When you start listening, that inner voice is loud as fuck and yet hidden by other things: narrow minded desires, short term pleasures (just one more bite), and years and years of failure. All of us. Every single one of us have failures. And we think of these “failures” as just that — F.A.I.L.U.R.E.S. Woe is me, I didn’t become a feature filmmaker. Woe is me, I can’t find love, despite him needing to check 44 boxes. And yet, when I look around at what I have done. What I have in my life. Friends. Family. Memories. At what I’ve been able to accomplish when I actually do LISTEN. Fuck, life is amazing.
This year I published a novel. One that I’m incredible proud to have written. Not only because I’m in love with the world and its creatures, the story and its characters, but because I fucking did it. I didn’t think about doing it. I didn’t talk about doing it. I just… did it. Even if it was the worst piece of shit ever (it’s not), I still did something many only dream about.
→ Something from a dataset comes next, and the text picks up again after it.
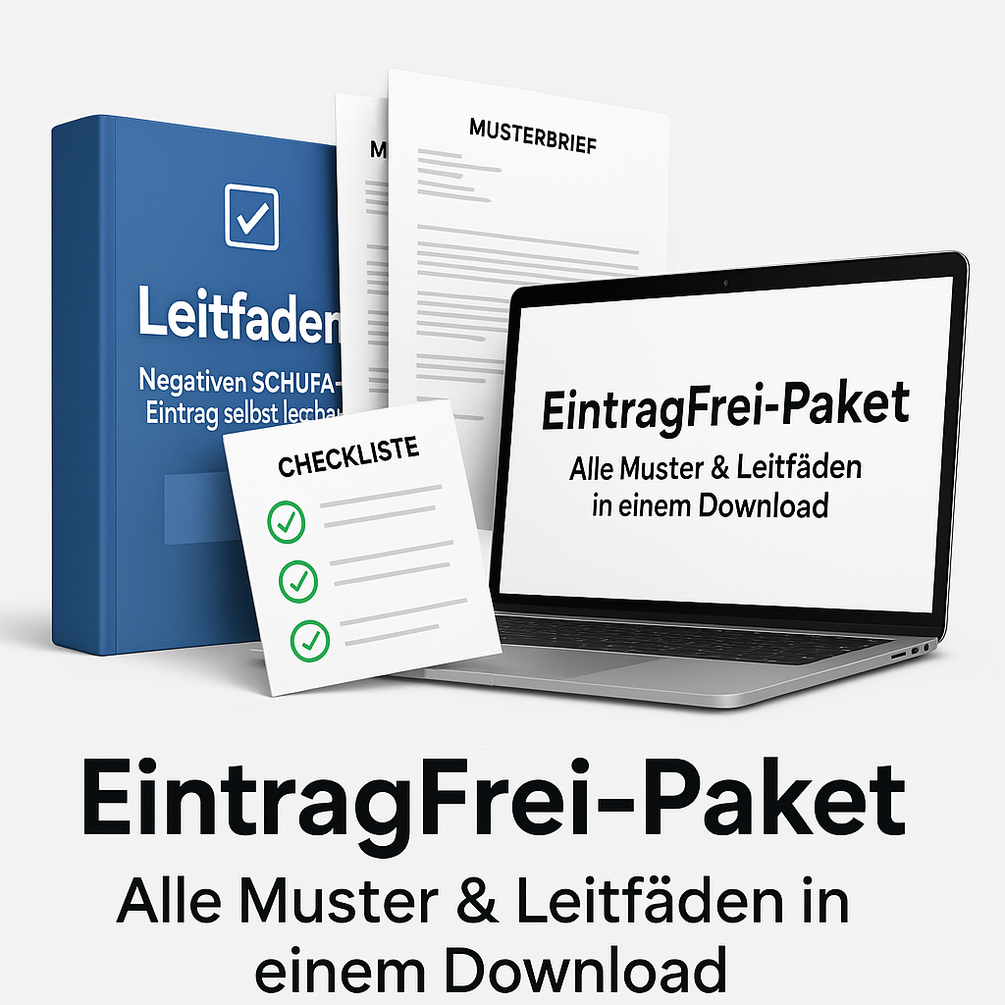 Mit dem EintragFrei-Paket erhältst du alles, was du brauchst, um deine SCHUFA gezielt und erfolgreich zu bereinigen: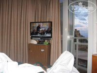 Номера небольшие, но не обшарпанные, вполне нормальные. Санузел тоже маленький, вместе с тем, снабжен всем необходимым. Главное - это красивейший вид на море и замок. Есть джакузи и маленький тренажерный зал.

Did I write the next Harry Potter? Na. Is it going to win any awards? Probably not. But then again, who fucking cares. Long after I’m dead, my work will be around for someone to pick up. My legacy. My life has been extended. I can take a victory lap and then sit down, because I’ve promised myself 6 more. Eep.
This year I lost a college friend. I won’t try to compete with others and say that we were the best of friends. In fact, I was a real asshole back in college. I blame most of it on my closeted and sexual repression, but it can’t dismiss how I treated people. Or the ego I slung around attempting to hide my true identity. Erin, who died this past August from complications after beating breast cancer, was one of those I treated unfairly. I told her once, drunkenly at a party, that her work wasn’t honest. What a fucking asshole I was. Who the fuck was I to say something so… hurtful?
You weren’t living YOUR true self and it manifested in terrible ways.
In the past years, as she went through her journey with breast cancer, she shared her most honest, intimate and fucking BEAUTIFUL spirit. It’s a shame the universe had other plans for her. And in her last months, she took time during her fucking life, a life she didn’t know she’d have much more of, to read this little book of mine. What a selfless beautiful creature she was. I miss her spirit. And regret much of how I treated her.
I also lost my cousin this year. Who, frankly, I knew only from family gatherings and the occasional trips home to Florida. She was also full of life. And, in hindsight, was a beacon of kindness. A bright smile lived permanently on her face. And I took it as, once again, feeling false. I never trusted she was authentic. As her Dad preached at a church and has repeatedly made me feel inferior and unworthy before God, I made her compliance with her Dad’s distain as part of who she was. Instead of learning that everyone’s on their own path. And everyone has their own lessons to learn. I took as a fault. A part of me protecting my ego.
At times this year, especially in the past few months, I’ve gone through a really dark emotional state. Part of my own transformation. Part of my own reconciliation with all the bad moves, bad decisions, dumb fucking luck I’ve had in my life. And at those times is when I’ve felt God. Whether that’s through a random text from friends. A silly and spastic dog (thanks, Shelby). Or just the way the universe opens up. A bright and warm day when it should be cold. Electronics that don’t work when I need to step aside and take a moment to breathe. Things happens not because the universe is against us, but because it’s working with us, as we are part of the grand machine.
The universe is always arranging things.
And once we stop thinking we’re grander than the other,
we see that everything is in its right place.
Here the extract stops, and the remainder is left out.